Sugar-sweetened sodas also referred to as regular or non-diet sodas mostly contain carbonated water, flavoring, and natural sweetener. In the United States (U.S.), approximately 50% of adults consume sugar-sweetened beverages (SSB), including regular sodas, on any given day (Fakhouri, Kit, & Ogden, 2012; Ogden, Kit, Carroll, & Park, 2011). According to the Gallup Poll conducted in 2012, 48% of Americans reported drinking an average of 2.6 glasses of regular sodas per day (Saad, 2012). Regular sodas are commonly regarded as beverages with poor nutrient-to-energy ratio, as they tend to be high in energy (kcal) and added sugars, but low in nutrient density (Malik, Schulze, & Hu, 2006). Though there is no general accepted definition, nutrient density is typically defined as foods or beverages that provide substantial amounts of nutrients for relatively few calories (American Dietetic Association, 2007). An increasing intake of added sugars has been found to be associated with decreasing intake of micronutrients, such as calcium, zinc, vitamin C and vitamin B12 (Joyce & Gibney, 2008; Alexy, Sichert-Hellert, & Kersting, 2002; Forshee & Storey, 2001; Bowman, 1999; Farris, Nicklas, Myers, & Berenson, 1998).

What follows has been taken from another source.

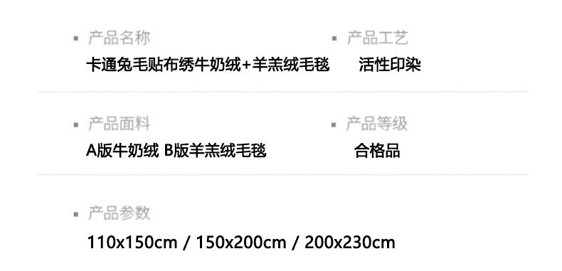 | Size Specifications | One 110x150cm blanket,One 150x200cm blanket,A 200x230cm blanket |

In 2012, about 20% of U.S. adults consumed energy-free, artificially sweetened beverages including diet sodas (Fakhouri et al., 2012), which has increased dramatically from about 3% in 1965 (Duffey & Popkin, 2006). Unlike regular sodas, diet sodas tend to lack energy (kcal) and added sugars. Both regular and diet sodas, however, lack many healthful nutrients. For example, they are high in phosphate and devoid of calcium, which can lead to a change in the calcium-phosphorus ratio in the diet, and ultimately to a deleterious effect on bone health/density (Malik et al., 2006; Wyshak, 2000). A systematic review and meta-analysis based on studies conducted in the U.S. (Vartanian, Schwartz, & Brownell, 2011, 2007) found that daily soda consumption can dilute calcium, riboflavin, vitamin A and B12 intakes. As a consequence, it may lead to poor diet quality and subsequent deleterious health outcomes.

The Present Study

To our knowledge, limited research studies have investigated the overall diet quality of soda drinkers in the U.S. population. Much of the research to date has been focused on SSB in general and conducted in countries outside of the U.S., such as Germany (Libuda et al. 2009) and Spain (Schröder et al., 2014). Utilizing the National Health and Nutrition Examination Survey (NHANES), a continuous nationally representative cross-sectional database of adults and children in the U.S., we examined the association between types of soda consumption [regular (sugar-sweetened) sodas, diet sodas, and non-sodas] and overall diet quality stratified by Body Mass Index (BMI). Due to the difference in beverage and food patterns, demographic/heritage factors, and a multitude of other differences, the results from one country cannot be generalized to another. The findings from the present study could contribute to the literature on understanding and deciphering the differences in overall diet quality patterns of different types of soda drinkers by BMI categories in the U.S. population, and subsequently contribute to targeted nutrition interventions for BMI sub-groups.

Methods

Study Design and Sample

What We Eat in American (WWEIA) is a continuous, nationally representative cross-sectional sample of approximately 9,000 participants per two-year release cycle for NHANES (ARS, 2016). Dietary assessment is conducted via WWEIA, which contributes to the NHANES dietary data, including food/beverage and dietary supplement intakes. Two nonconsecutive 24-hour dietary recalls were collected per participant. The Day 1 interview was conducted in-person in the Mobile Examination Center (MEC). The Day 2 interview was conducted on the telephone by appointment within 3 to 10 days following the MEC interview on a different day of the week. During the interviews, survey respondents were instructed to report the description of food and beverages they consumed, quantity, time of consumption occasion, and source of the consumed food and beverages. Given the continuous design of NHANES, it is possible to combine data from several cycles in order to increase sample size. Our study combined data from four cycles of NHANES from 2005 to 2012, which resulted in a nationally representative sample of 37,529 participants. However, consistency in the data collection methods and other methodological issues between cycles needed to be considered.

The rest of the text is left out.